Clinical efficacy was assessed based on symptomatic improvement, NYHA functional class improvement, and control of MACEs. Outcomes were categorized as markedly effective, effective, or ineffective, with the total clinical efficacy rate defined as the sum of markedly effective and effective cases.

At one month post-treatment, the total clinical efficacy rate was 86.95% in the study group and 79.49% in the control group, with no statistically significant difference (P > 0.05). However, after six months of treatment, the efficacy rate in the study group increased to 95.65%, which was significantly higher than that in the control group (79.49%) (P < 0.05). These results are illustrated in Figure 1.

Comparison of clinical efficacy between the two groups. Note: A: The efficacy at 30 days after treatment was compared, and no significant difference was observed between the groups; B: After six months of treatment, the effective rate of the study group was significantly higher than that of the control group. The control group consisted of 39 cases, and the study group included 69 cases.

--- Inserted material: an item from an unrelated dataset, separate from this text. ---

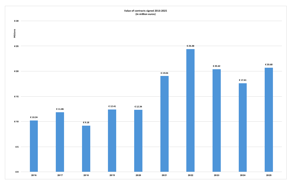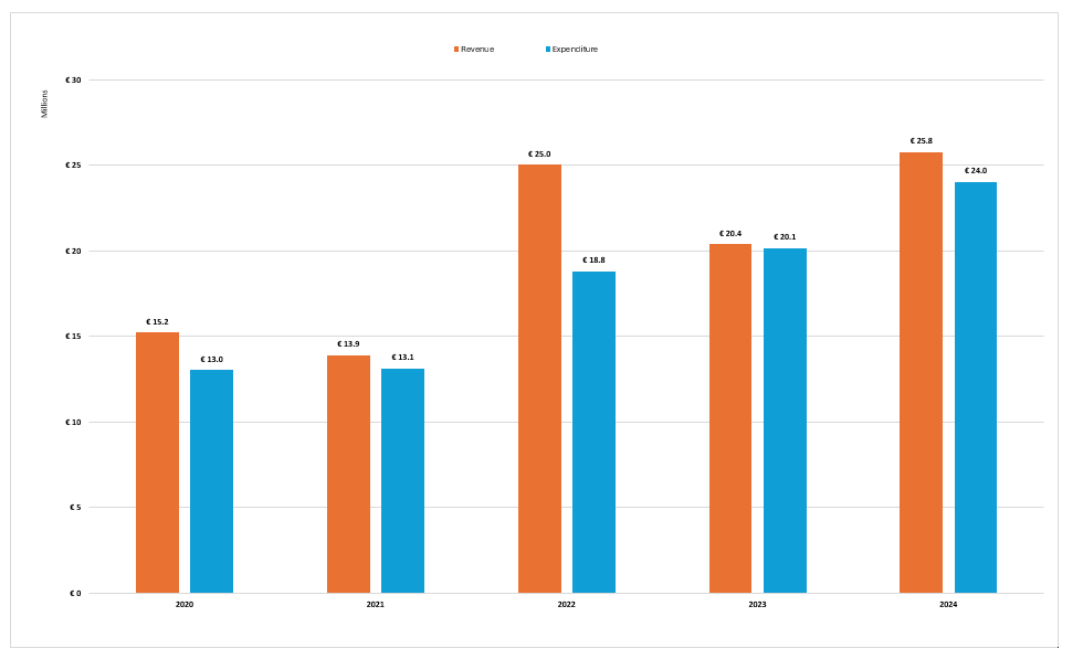 Ces contributions permettent au CIRC de mettre en œuvre sa stratégie à moyen terme en complétant le financement de son budget ordinaire. En 2024, la totalité des dépenses du CIRC s’élevaient à 52,9 millions d’euros, dont 41,0 % financées par le budget ordinaire, 42,7 % financées par des contributions volontaires, et les 16,3 % restants financées par d’autres fonds.

Evaluation of myocardial injury markers in both groups

Baseline levels of myocardial injury markers - including cTnI, hs-CRP and NT-proBNP - did not differ significantly between the two groups prior to treatment (P > 0.05). After treatment, however, all three markers were significantly lower in the study group compared to the control group, with statistically significant differences (P < 0.05) (Figure 2).

Comparison of myocardial injury markers between the two groups. Note: After treatment, the levels of (A) cTnI, (B) hs-CRP and (C) NT-proBNP in the study group were better than those in the control group. With-in group comparison before and after treatment was performed. When P < 0.05, a was used to represent the comparison result of the study group, and b was used to represent the comparison result of the control group. The control group consisted of 39 cases, and the study group included 69 cases. cTnI: Cardiac Troponin I; hs-CRP: High-sensitivity C-reactive protein; NT-proBNP: N-terminal pro-brain natriuretic peptide.

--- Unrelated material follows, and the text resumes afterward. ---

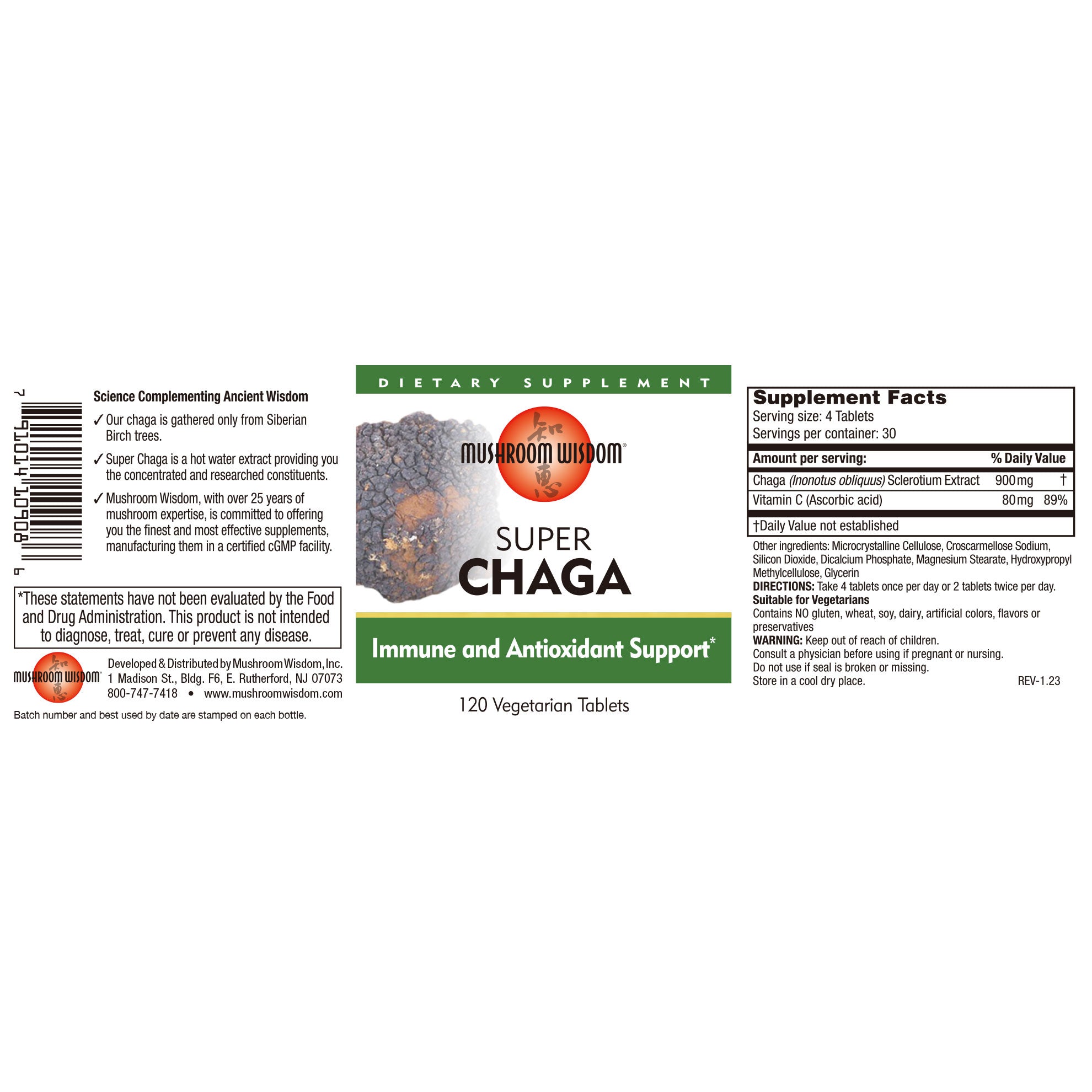 900 mg Chaga extract per 4-tablet serving

Evaluation of cardiac function before and after treatment

Echocardiographic assessments were performed to evaluate changes in cardiac function, including measurements of LVEF, LVEDd, and LVESd. Prior to treatment, there were no significant differences in these parameters between the two groups (P > 0.05). After six months of treatment, both groups demonstrated significant improvements: LVEF increased, while LVEDd and LVESd decreased compared to baseline (P < 0.05). Notably, the study group exhibited a more pronounced increase in LVEF and greater reductions in LVEDd and LVESd relative to the control group, with all differences reaching statistical significance (P < 0.05). These results are illustrated in Figure 3.

Comparison of cardiac function indexes between the two groups. Note: After treatment, the values of LVEF (A) in the study group were significantly higher than those in the control group, while the values of LVEDd (B) and LVESd (C) in the study group were significantly lower than those in the control group. When P < 0.05, a was used to represent the comparative results of study group, and b was used to represent the comparative results of control group. The control group consisted of 39 cases, and the study group included 69 cases. LVEF: Left ventricular ejection fraction; LVEDd: Left ventricular end-diastolic diameter; LVESd: Left ventricular end-systolic diameter.

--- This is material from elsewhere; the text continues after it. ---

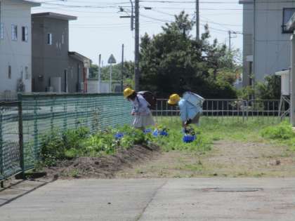 やさいに水をあげています。早くおおきくなあれ!

Ventricular remodeling indicators

To assess the degree of ventricular remodeling, interventricular septal thickness (IVST), left ventricular posterior wall thickness (LVPWT), and left ventricular mass index (LVMI) were measured. No significant differences were observed between the two groups before treatment (P > 0.05). After treatment, both groups showed increases in IVST, LVPWT, and LVMI compared to pre-treatment levels. However, the post-treatment values were significantly lower in the study group than in the control group (P < 0.05) (Figure 4).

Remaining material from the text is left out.